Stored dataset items
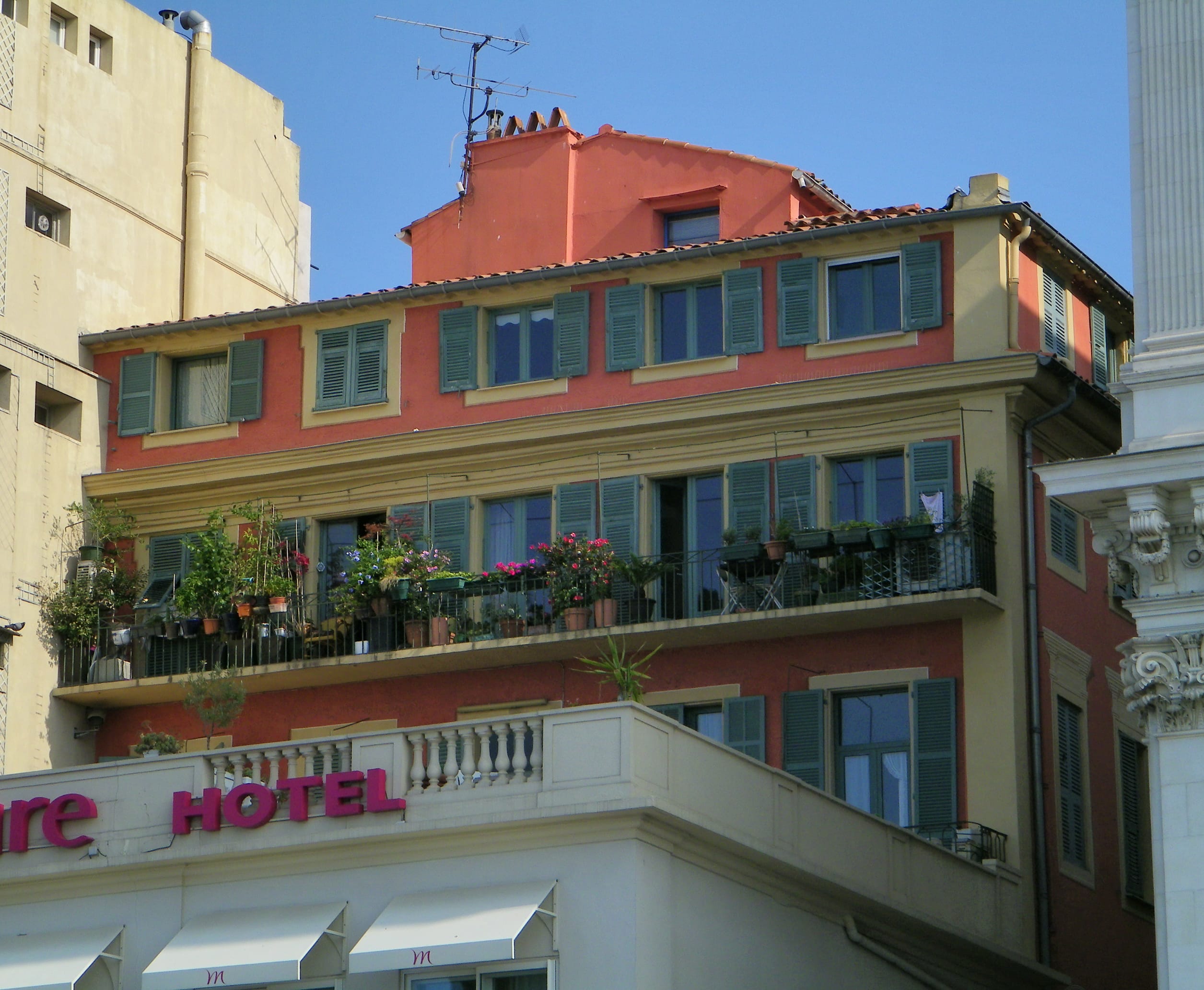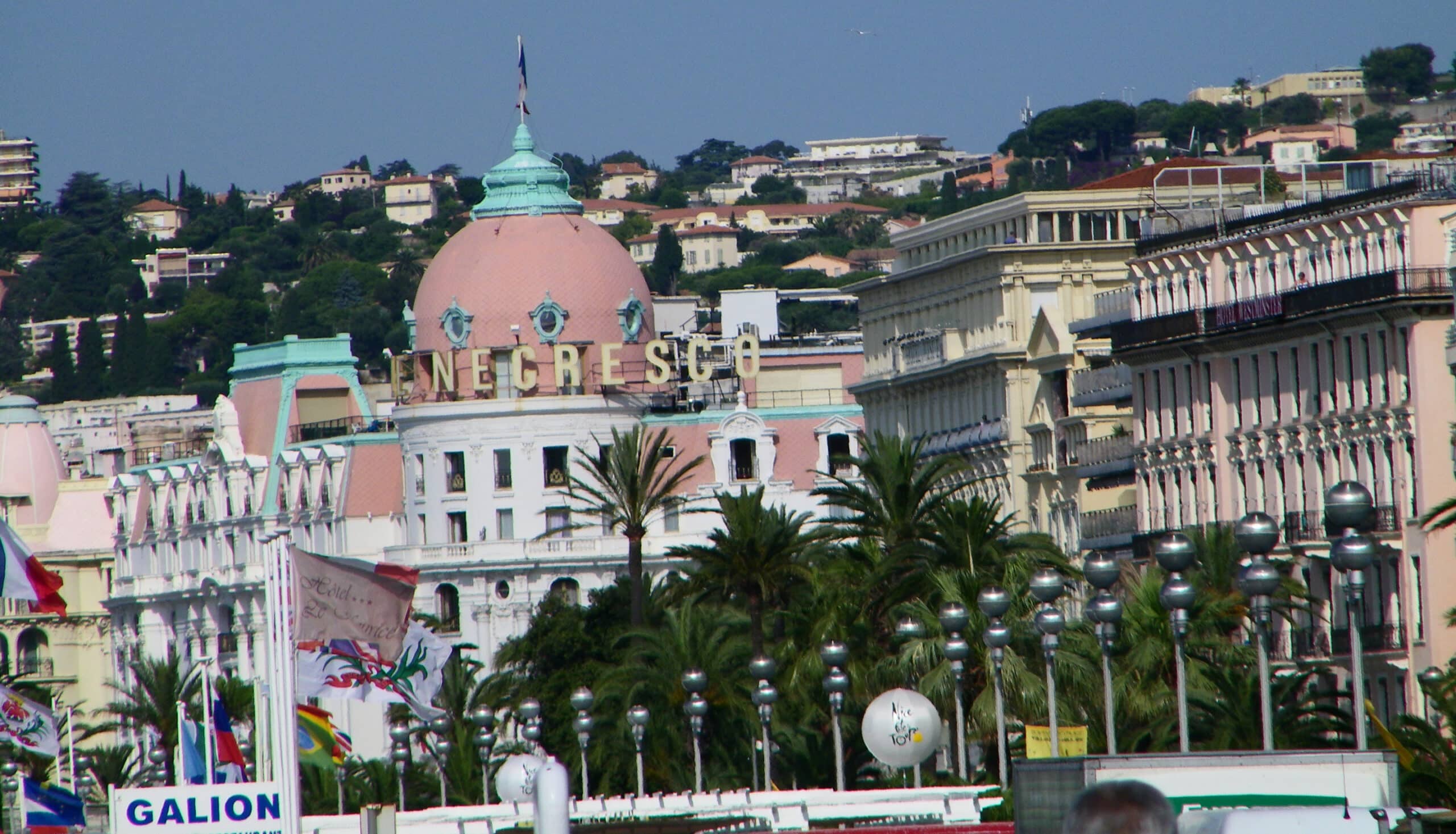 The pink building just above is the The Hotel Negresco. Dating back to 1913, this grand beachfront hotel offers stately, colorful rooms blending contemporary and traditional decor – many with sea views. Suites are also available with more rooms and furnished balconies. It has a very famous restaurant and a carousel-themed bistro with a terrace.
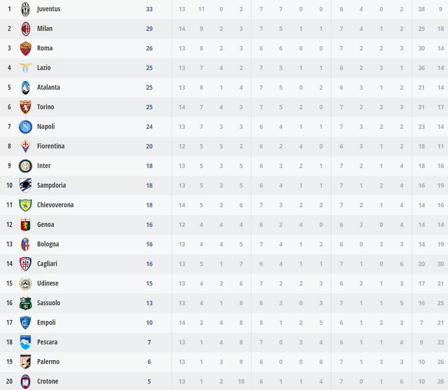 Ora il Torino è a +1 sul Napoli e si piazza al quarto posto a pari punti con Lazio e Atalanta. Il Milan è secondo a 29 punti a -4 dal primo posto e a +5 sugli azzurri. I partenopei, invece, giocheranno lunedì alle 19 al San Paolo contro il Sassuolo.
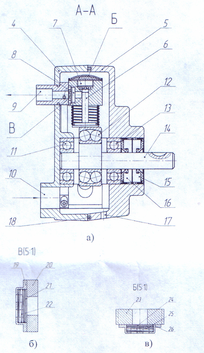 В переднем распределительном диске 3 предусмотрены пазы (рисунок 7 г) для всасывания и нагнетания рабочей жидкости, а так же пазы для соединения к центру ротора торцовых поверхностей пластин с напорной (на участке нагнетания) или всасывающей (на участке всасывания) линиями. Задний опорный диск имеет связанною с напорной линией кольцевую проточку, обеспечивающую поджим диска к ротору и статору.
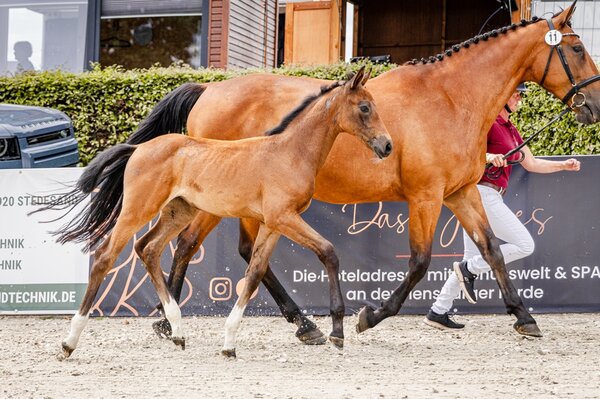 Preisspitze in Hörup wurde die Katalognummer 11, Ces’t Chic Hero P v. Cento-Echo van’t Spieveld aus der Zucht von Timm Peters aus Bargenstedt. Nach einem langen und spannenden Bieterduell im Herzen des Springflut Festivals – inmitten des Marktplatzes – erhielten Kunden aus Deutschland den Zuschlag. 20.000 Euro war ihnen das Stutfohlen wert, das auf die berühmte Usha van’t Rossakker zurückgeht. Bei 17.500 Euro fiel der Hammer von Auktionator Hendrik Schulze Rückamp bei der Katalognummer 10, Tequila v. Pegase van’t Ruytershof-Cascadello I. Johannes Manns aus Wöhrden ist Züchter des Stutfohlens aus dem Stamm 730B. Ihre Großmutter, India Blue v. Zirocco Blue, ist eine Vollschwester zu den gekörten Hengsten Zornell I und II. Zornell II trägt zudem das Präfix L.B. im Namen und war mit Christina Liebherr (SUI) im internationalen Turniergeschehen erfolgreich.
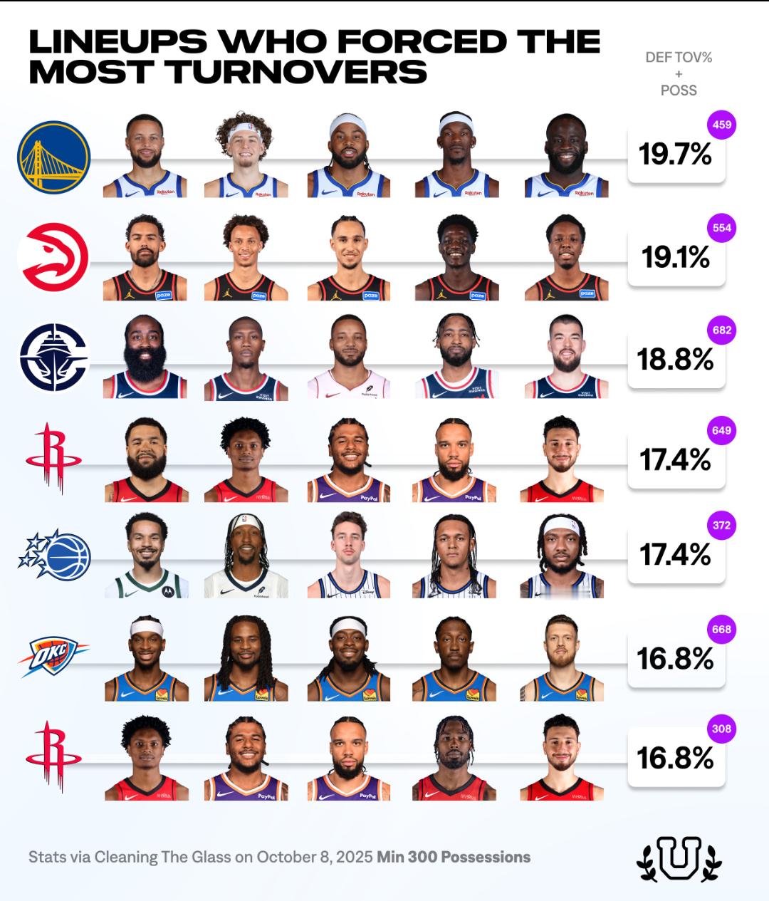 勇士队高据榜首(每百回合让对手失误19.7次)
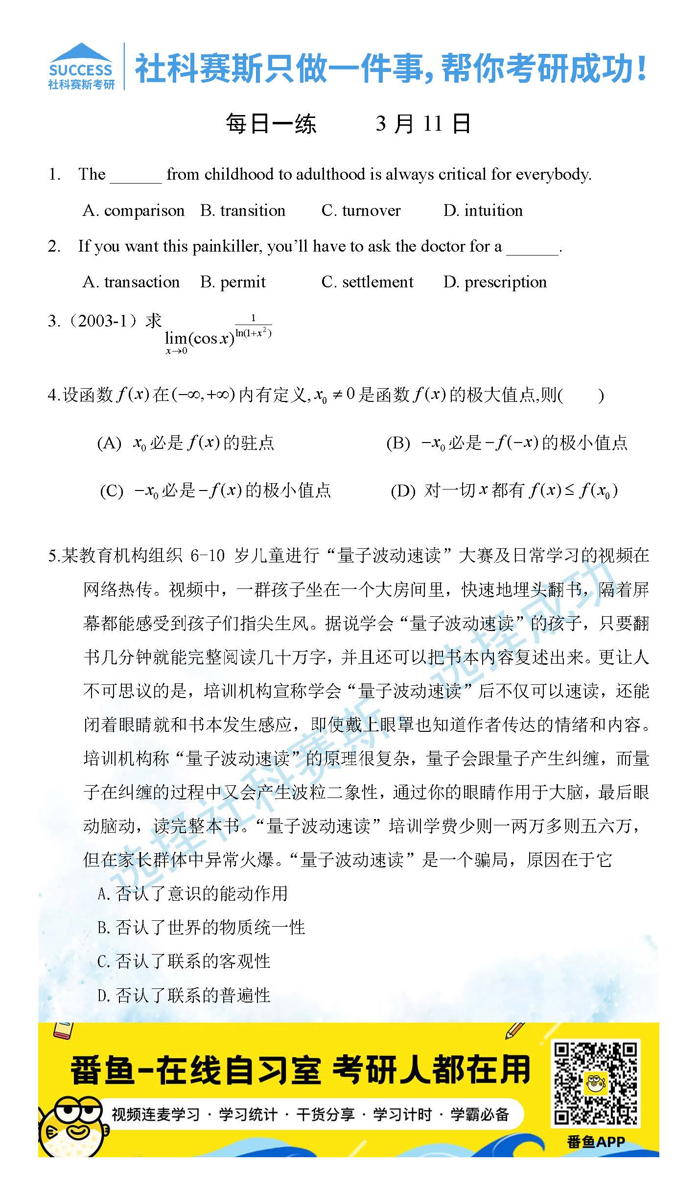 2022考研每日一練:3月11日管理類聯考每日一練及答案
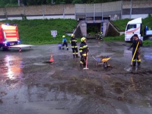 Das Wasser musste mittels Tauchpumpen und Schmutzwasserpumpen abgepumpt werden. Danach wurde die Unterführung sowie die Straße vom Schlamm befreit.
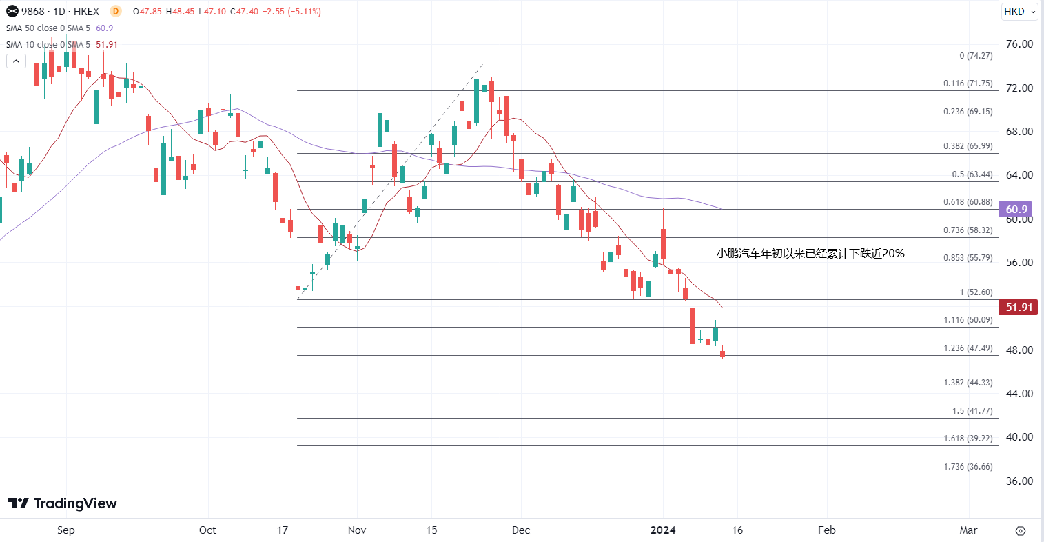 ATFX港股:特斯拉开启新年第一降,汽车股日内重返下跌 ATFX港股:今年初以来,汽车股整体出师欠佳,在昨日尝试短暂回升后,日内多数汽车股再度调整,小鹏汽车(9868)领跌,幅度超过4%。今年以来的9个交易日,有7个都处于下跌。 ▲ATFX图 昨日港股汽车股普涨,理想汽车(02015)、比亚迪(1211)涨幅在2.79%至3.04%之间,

• [What to do]: Excluding the pictures, restate word for word the lines from the one that holds "勇士队高据榜首(每百回合让对手失误19.7次)" through the last line of the entries, both ends included.

• [Answer section]:
 勇士队高据榜首(每百回合让对手失误19.7次)
 2022考研每日一練:3月11日管理類聯考每日一練及答案
 Das Wasser musste mittels Tauchpumpen und Schmutzwasserpumpen abgepumpt werden. Danach wurde die Unterführung sowie die Straße vom Schlamm befreit.
 ATFX港股:特斯拉开启新年第一降,汽车股日内重返下跌 ATFX港股:今年初以来,汽车股整体出师欠佳,在昨日尝试短暂回升后,日内多数汽车股再度调整,小鹏汽车(9868)领跌,幅度超过4%。今年以来的9个交易日,有7个都处于下跌。 ▲ATFX图 昨日港股汽车股普涨,理想汽车(02015)、比亚迪(1211)涨幅在2.79%至3.04%之间,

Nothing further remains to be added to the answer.